Juan Carlos Flores (1962-2016),
“Machi-nation,”
as translated by Kristin Dykstra
I had been planning a post about recent Latin American poetry in translation, when I heard the awful news Wednesday morning about the passing of Cuban poet Juan Carlos Flores. I had wanted to write in detail about Flores because of how impressed I was by Kristin Dykstra’s new bilingual edition of Flores’s The Counterpunch (and Other Horizontal Poems)/El contragolpe (y otros poemas horizontales) (Alabama, 2016), but also because of Flores’s understanding of his own poetry as a mode of formal and cultural translation.
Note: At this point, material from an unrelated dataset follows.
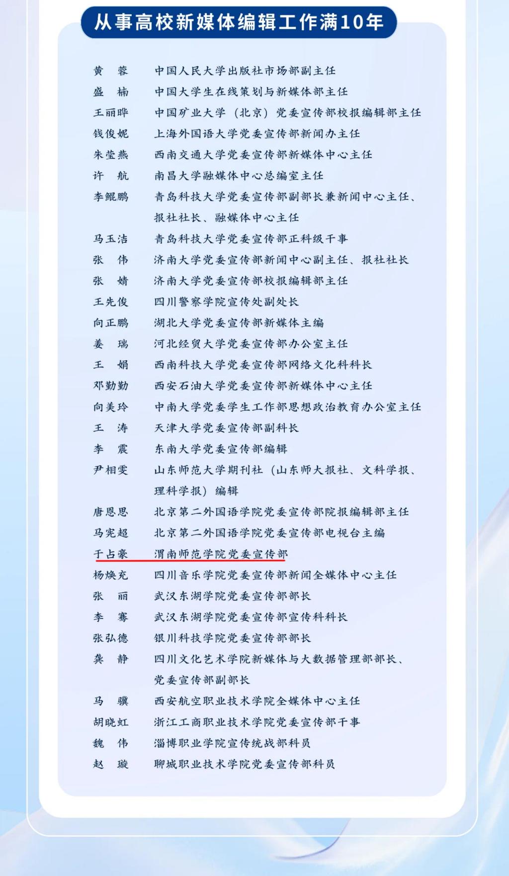 11月8日,正值第25个中国记者节,中华出版促进会(中央宣传部主管国家一级协会)公布《从事高校校报编辑工作满20年、新媒体编辑工作满10年》活动入选名单,bat365官网教师、宣传部全媒体中心负责人于占豪名列其中,全国共35名高校教师入选。

As Dykstra notes in her excellent introduction, Flores had an expansive conception of his poems as translations, encompassing their “first translation” from handwritten versions into poems typed for him and then scored for the page on a computer, as well as their “second life as a script for performance.” Crucially, Dykstra emphasizes how Flores’s poetics is also an attempt to translate the physical, psychic, and social space of Alamar, the massive housing project on the outskirts of Havana, where Flores lived and wrote for most of his life. Dykstra beautifully reads aspects of Flores’s work, such as his penchant for anaphora and repetition of lines and phrases, his exploration of the architecture of the prose poem, and his quest for a “horizontal” poetics attuned to a grounded and stripped-down urban vernacular, as organically related to the spatial coordinates of Alamar. (She also notes Alamar’s prominent place in the history of Cuban hip-hop, and suggests how and why hip-hop was important to Flores’s work.)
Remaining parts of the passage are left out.